» **Requirement**
Exactly and only the lines from the line holding "2. 끓는 물에 소금" to the end of the records should be reproduced. Leave pictures out.

» **Records provided**
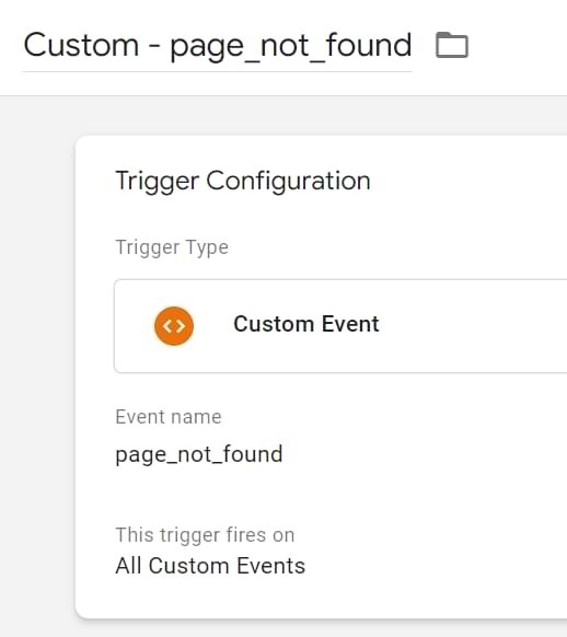 Enter the value of the “event” key in the “Event name” field. If you used my code example, enter “page_not_found” (without quotation marks).
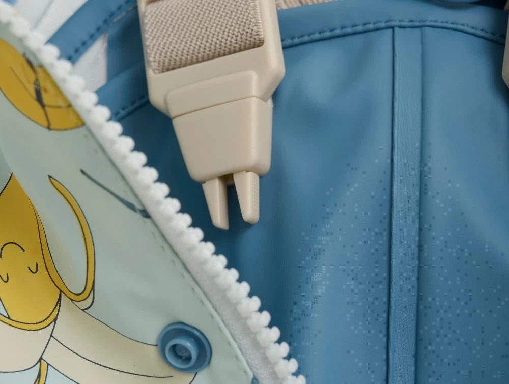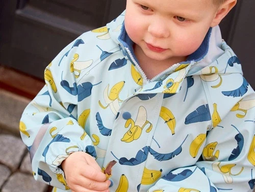 Dreng i regnjakke med bananprint fra CeLaVi 310454 7660 blue heavenBlåt regnsæt med printet bananer på jakke og solide ensfarvet blå bukser fra Celavi 310454 7660 blue heavenBlåt regnsæt med printet bananer på jakke og solide ensfarvet blå bukser fra Celavi 310454 7660 blue heaven bagfraEnsfarvet blå regnbukser fra Celavi regnsæt 310454 7660 blue heavenSpænde på regnbukser fra Celavi regnsæt 310454 7660 blue heaven
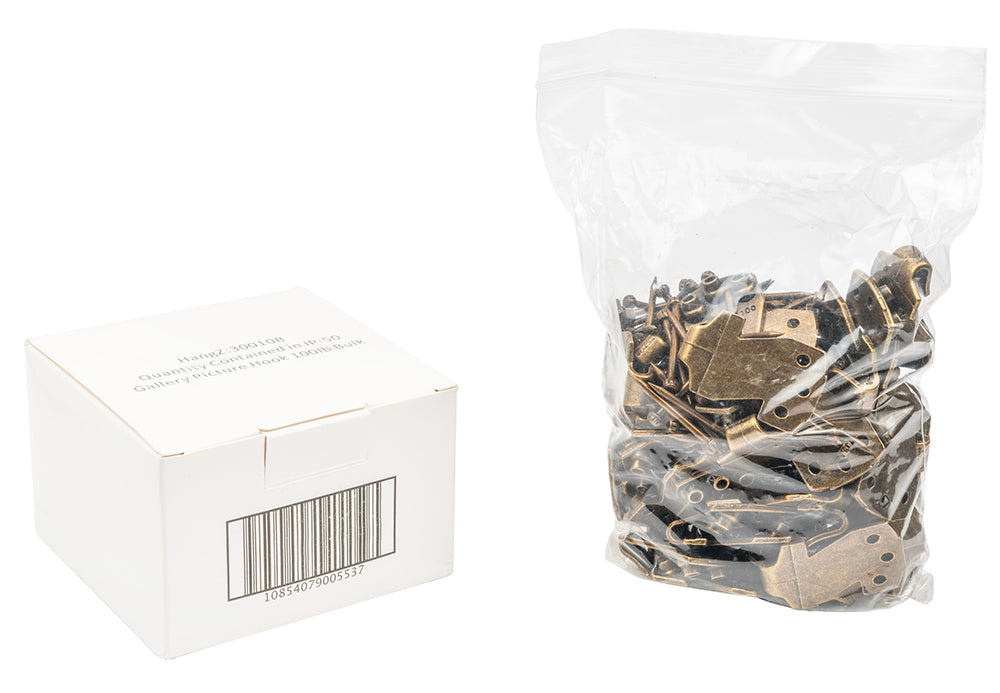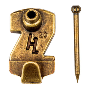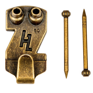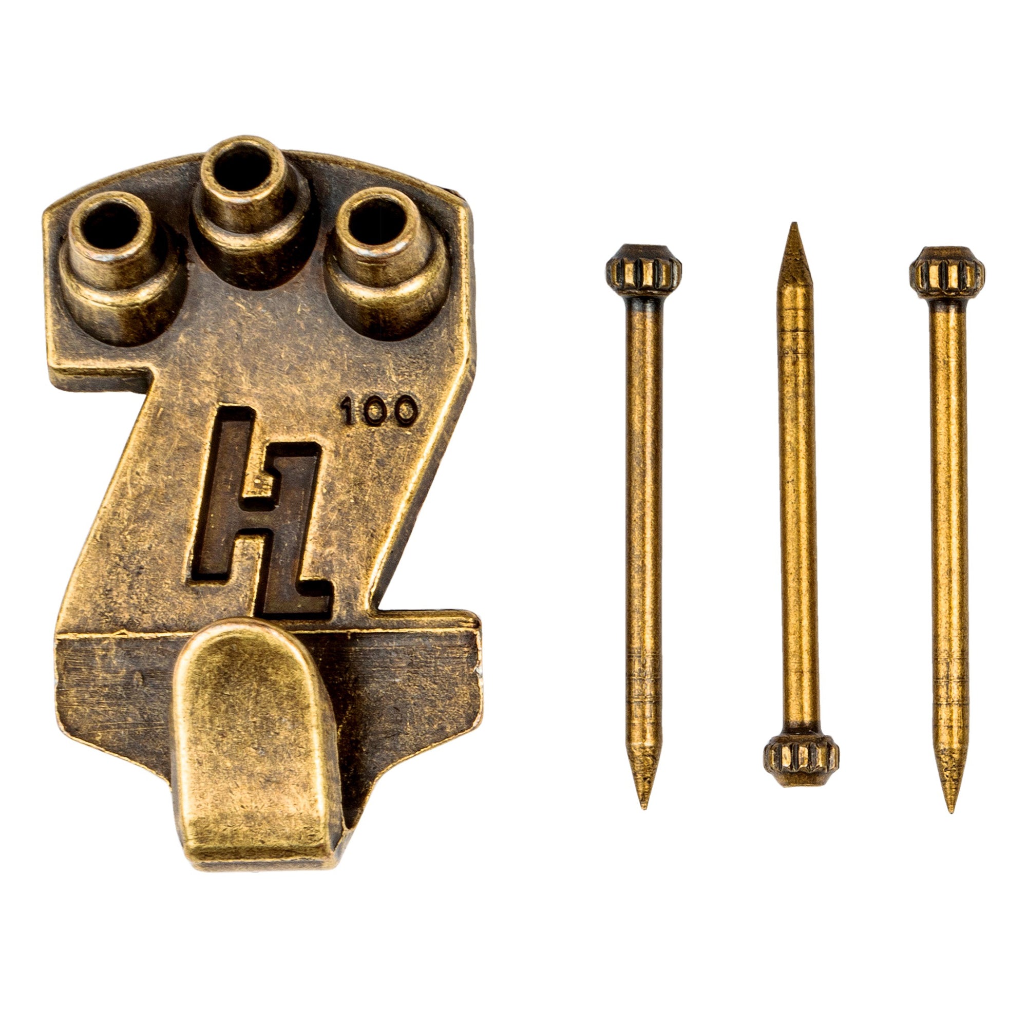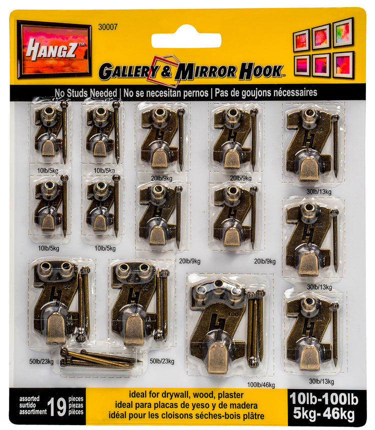HangZ™ Gallery (19-Pack) 10lb-50lb & 10lb-100lb. Picture Hooks are the professional's choice when hanging lite or heavy pictures, mirrors & canvas. The one piece Zinc Alloy construction makes the hooks the world's strongest. The precision channels make it so you don’t need anchors or to hit a stud. It's great for use with sheetrock and plaster walls. Precision channel assures that the nail enters at the perfect 45° angle Holds from 10 lbs. - 100 lbs. Zinc alloy construction making HangZ the world strongest picture hooks.
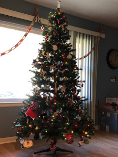 DH helped me put it together and fluff out the branches. DD help me sort ornaments and update my list of ornaments that I've bought or made for the kids and DH (and myself) over the years.
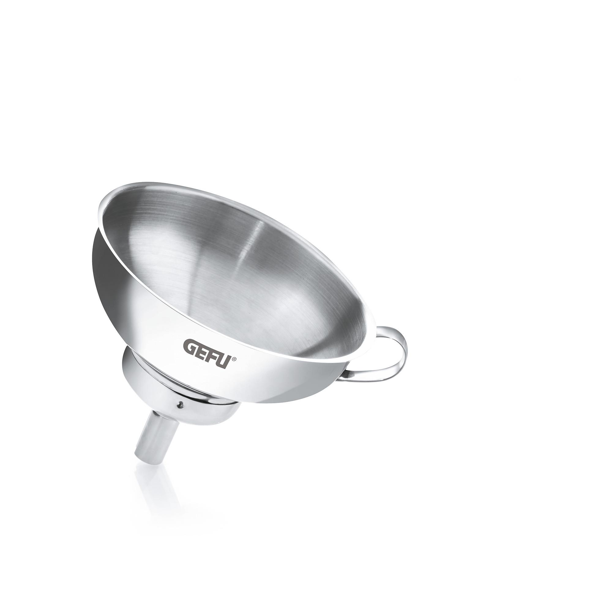 Selbst gekochte Marmelade wird mit dem praktischen Einmachtrichter ebenso mühelos wie sauber in Gläser gefüllt. Mit dem Einmachtrichter ist das Abfüllen selbst gemachter Marmelade eine saubere Sache! Und durch den herausnehmbaren Siebeinsatz gelangt der fruchtige Aufstrich kernfrei ins Glas. Mit dem abnehmbaren Reduziertrichter, der durch einen Bajonett-Verschluss sicher mit dem Trichter verbunden ist, können auch Gewürzmühlen oder Salzstreuer bequem und zielsicher befüllt werden. Einsetzbar bei Behältern mit Durchmessern zwischen 1,5 und 5,5 cm.
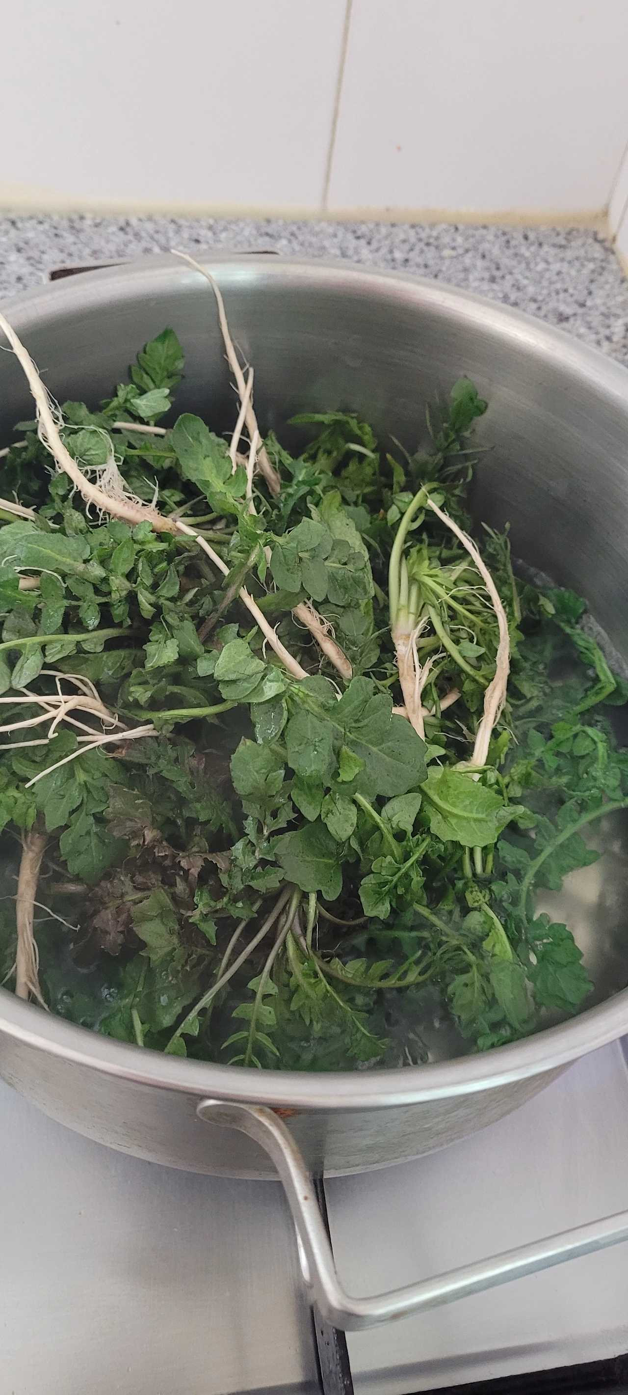 2. 끓는 물에 소금 넣은 뒤에 냉이를 넣고 30초 데치고 바로 찬물샤워를 해줍니다.
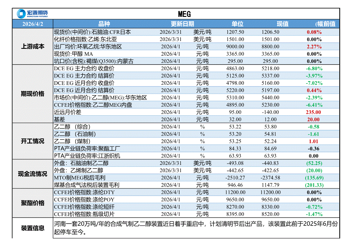 宏源期货-能源化工周报~MEG:成本支撑和进口缩量带来利好-260303

» **Expected answer**
 2. 끓는 물에 소금 넣은 뒤에 냉이를 넣고 30초 데치고 바로 찬물샤워를 해줍니다.
 宏源期货-能源化工周报~MEG:成本支撑和进口缩量带来利好-260303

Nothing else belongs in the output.